The much anticipated flood defence scheme for the town of Newton Stewart should be in the public domain by November this year.
At next week’s meeting of the council’s Economy, Environment and Infrastructure Committee, elected members will study 10 options, narrowed down from 24, to save the town from another catastrophic flooding event, similar to December 2015.
The options on the table are: Upstream storage at Linloskin Bridge; obstructions on the River Cree; construction of direct defences; increase the flow area beneath the A75 By-Pass bridge; increase the size and/or the number of flood relief culverts; reprofile land at Broomisle; reinstate flood storage area at Water of Minnoch; create upstream storage at The Ghyll and/or the River Cree tributaries and finally, reprofile land around the pumping station.
Some of the options thrown out by Dumfries and Galloway Council and consultants SWECO included dredging the river as the council report states, doing so would have a “minimal impact” on flood levels and would then have to be carried out at regular intervals afterwards.

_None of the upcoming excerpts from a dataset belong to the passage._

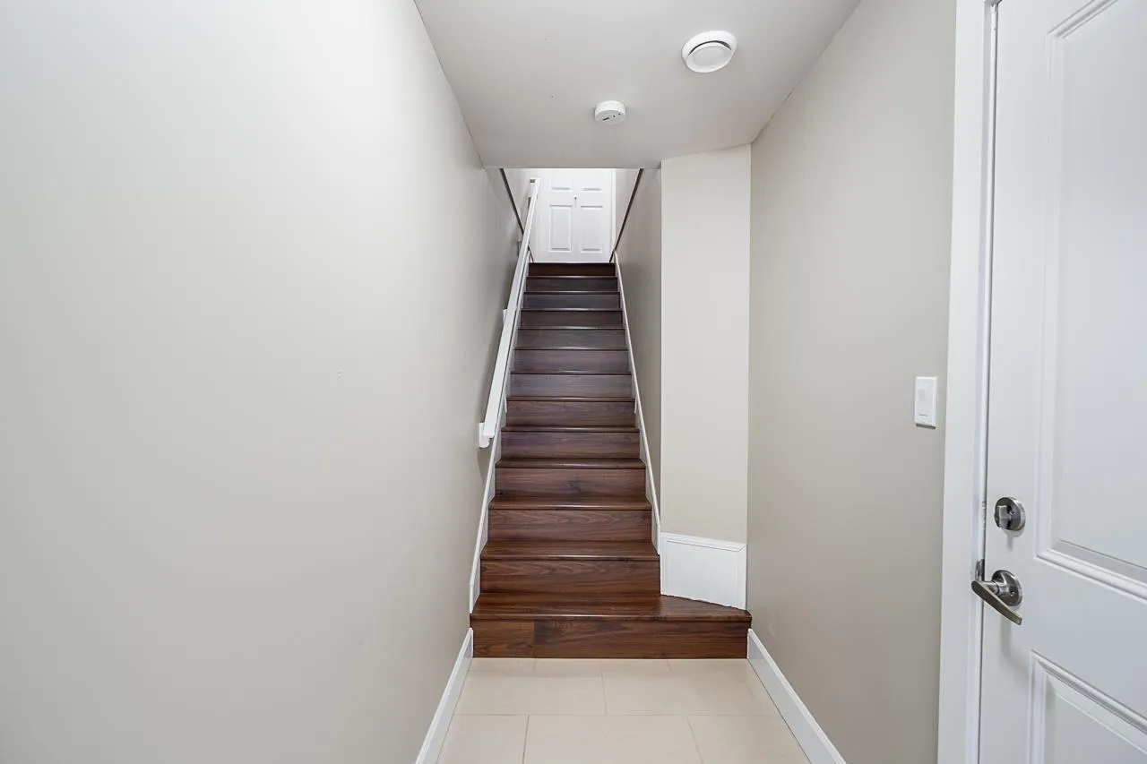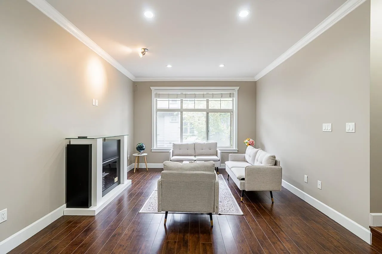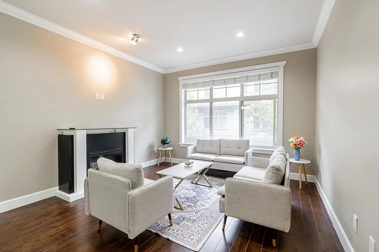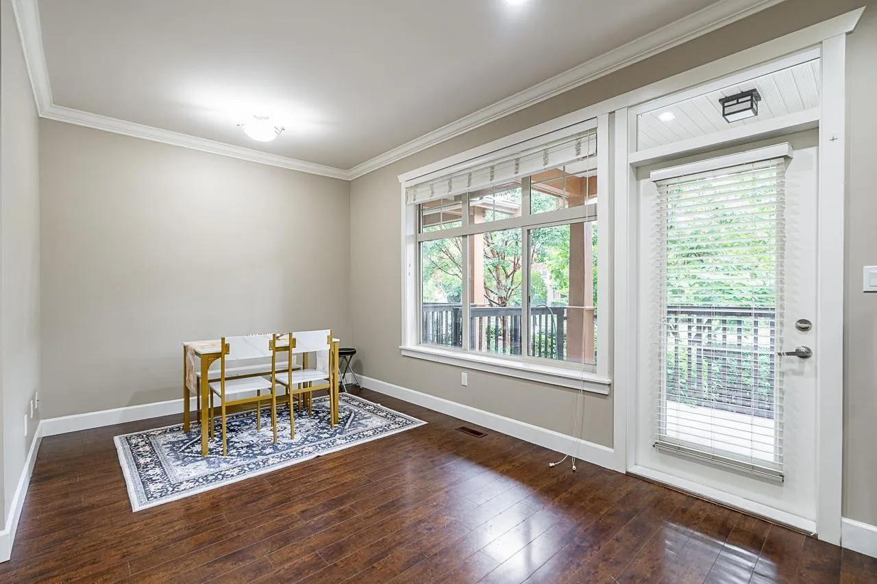 OpenHouse November 8th & 9th 2-4pm Fully renovated 3-bed + flex townhome in Dub Villa! Updates include new laminate floors, stairs, kitchen, and fresh paint throughout incl. bedrooms, bathrooms, kitchen, baseboards & trims. Bright open layout with 9' ceilings, large windows & spacious living room. Granite counters, stainless steel appliances, balcony off kitchen & main floor powder room. Upstairs offers 3 bedrooms & 2 full baths. Quiet location on the private side with fenced yard, surrounded by trees. Private entrance from 66 Ave gives a single-house vibe. Steps to Scott Rd shops, transit, temples, Hwy 10/91/99, parks & schools. Vacant Property. easy to view. (id:27476)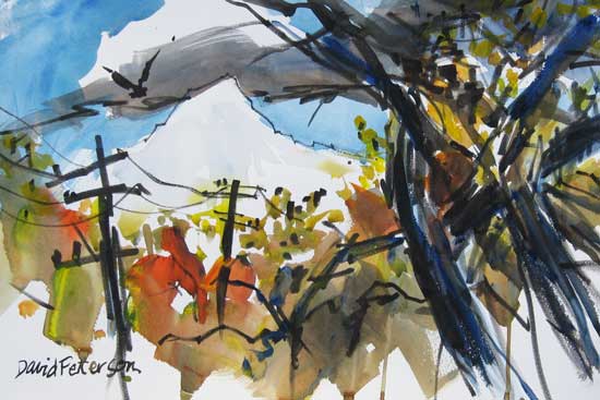 Watercolor No. 1541, "Spainhower Park, Lone Pine", 15"x22", painted May 1, 2009 on site. For sale. Contact the artist.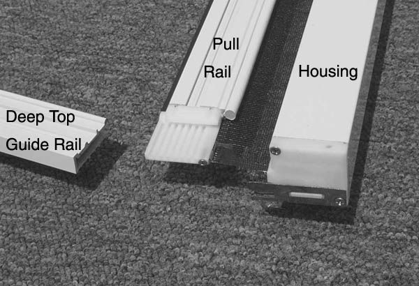 The single Dreamscreens come with the deep top guide rail, which was initially developed for the double doors to add strength and stability. The deep top rail prevents wind from blowing the screen out of the rail in anything but severe conditions. Because the top and bottom rail are not the same depth, the standard Dreamscreen now must be specified as either left-hand or right-hand (see image below). |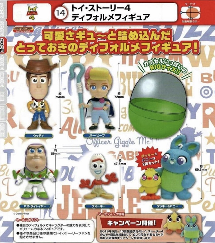 今年對玩具總動員的粉絲來說,真是很幸福的一年,幾乎每個月都有系列扭蛋,這個月有主角胡迪、巴斯和牧羊女,以及新角色叉奇、鴨霸和兔崽子的公仔耶!這款扭蛋份量不小呢,最高為胡迪有7.5公分高,最小隻的叉奇也有4.7公分。

There was also concern that dredging could have a negative effect on structures like the Cree Bridge. Removing sediment was also disregarded, as was removing Mill Island and the gravel island or ‘berm’ south of the Cree Bridge, again due to the predicted low impact on flood levels. The option to remove the embankment at the By-Pass Bridge was also discounted because of the high complexity and high cost of doing this and the disruption the work would cause.
As the town was identified as a flood risk in 2011, 80 per cent of the scheme’s costs will be met by the Scottish Government and the remaining 20 per cent by the council’s capital budget.
The preferred option or combination of options will be agreed by November when the general public will consulted over the proposals.